Saturday 29 August 2015

Rhubarb Madness

In mid July I decided I had to harvest Rhubarb.Not much later in the summer, the rhubarb would be too old and starchy to eat.

Its an activity with bittersweet memories for me. For years I picked rhubarb for my ex boyfriend's mother. Rhubarb was one of her favourite foods.I loved nothing more than surprising her with a black bag full of stalks. I would spend hours cutting it up for her into bits, ready for freezing. The first time I arrived with a bag full of stalks she looked at me with astonishment "Oh THANK YOU. How did you KNOW." I'd had no idea rhubarb then was so dear to her. Over the winter she'd delight in taking out a bag and making crumble, sorbet, jam and juice.

I hadn't picked any since my ex's breakup in 2013.
Determined I would do it, this time for ME, I set off with a trug and a knife.

The final haul.
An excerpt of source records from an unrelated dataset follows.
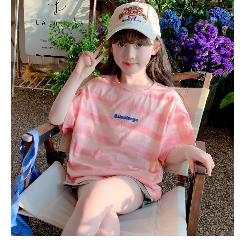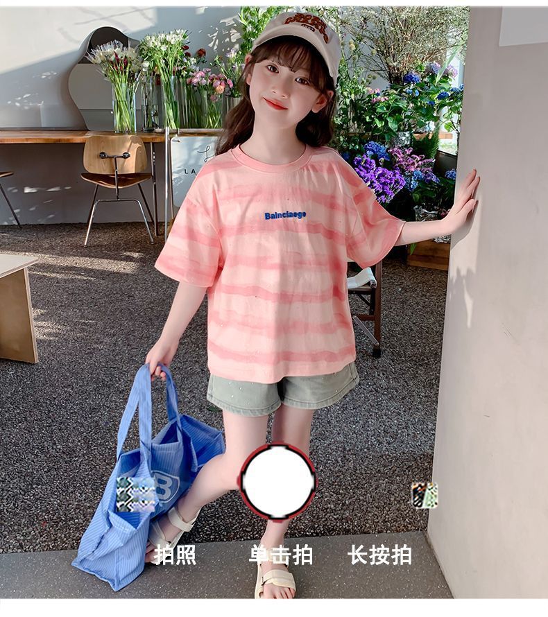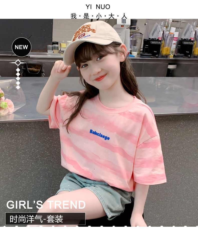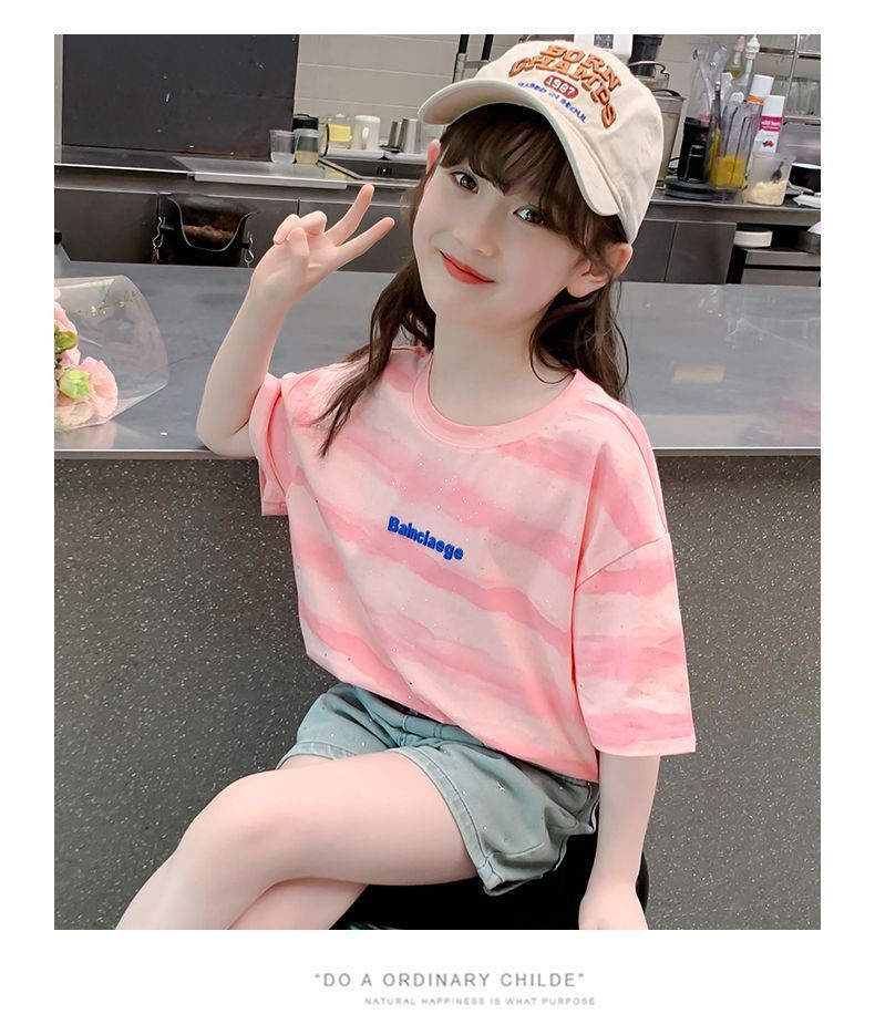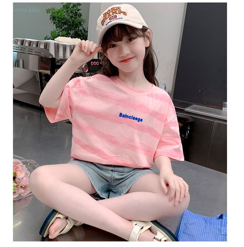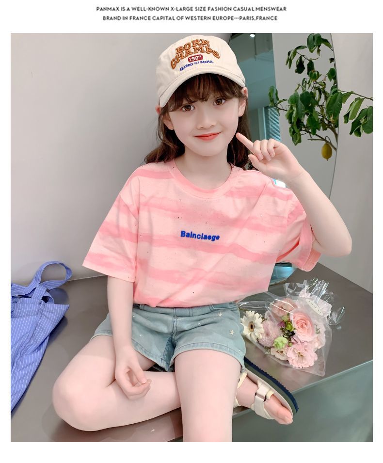 여자 반팔 티셔츠 2025 새로운 스타일 여름 어린이 온라인 인기 서양식 올 매치 코튼 티셔츠 걸스 여름 최고 트렌디스토어 가기
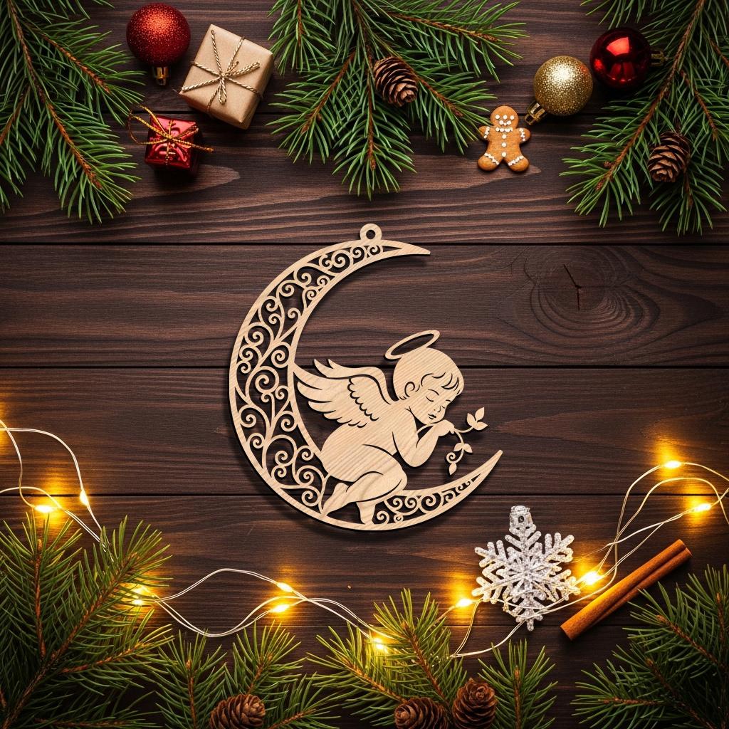 Angel on Moon Ornament File, Christmas Celestial Home Decor Digital Download
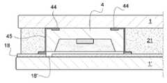특히 면(FA)과 면(FB) 사이에 관통(또는 블라인드) 개구를 갖는 PVB 적층 사이층은 다이오드보다 더 두꺼울 수도 있지만, 만일 그러하면 두께차는 너무 많은 공기 기포를 발생하는 위험을 야기하지 않기 위해 가능한 한 작을 것이다.The interlayer between PVB stacks, especially with through (or blind) openings between face FA and face FB, may be thicker than a diode, but if so, the thickness difference is as low as possible so as not to risk generating too many air bubbles. one will be small

Hand for scale

Sitting ready on the freezer

The Rhubarb in Heylor is spread over a few plants in odd locations.
The main Rhubarb patch is at the back of my grandad's house, in a grassy park.

As all the patches do, they seems to thrive on neglect, producing huge stalks year in, year out. As plants and weeds in my neglected granny's garden gets wilder and wilder, it gets more difficult to get to it. After struggling over fences, overgrown gates and through nearly waist high grass, I got to the rhubarb.

There's something deeply satisfying about hauling out rhubarb stalks from the plant base, cutting off the huge (poisonous) leaf and plunking the stalks into a bucket. Listening for the thunk on a quiet summer night with the lapwings pleeping over the hill behind you.

It was a beautiful summer night. Despite the midgies biting, I got a bit trigger happy and took back upwards of 50 stalks. I wish I'd taken pictures! If I remember right, my phone's battery was almost dead.

Borrowing the use my grandad's kitchen, I washed every stalk (removing the odd slug and creepy crawley that had been evicted from its home) and cut up every stalk into cooking ready chunks.

The process took 2 and half hours. By 10:30pm I had 3 bags of 4-5 pounds of rhubarb ready for freezing. Rhubarb is difficult to cut. You have to rotate the stalk as you cut into it. Otherwise long stringy strands peel the length of the stalks, mislooking it. My hands ached.

We're nearly into September and I still haven't yet cooked any of it! I've irritated my partner as I've taken up a good 50% of our tiny freezer with a single bag. I need to get on with it, but I feel like crumble deserves a good stormy winters day before it'll be really appreciated. I'm sure the storms will come soon to set me cooking.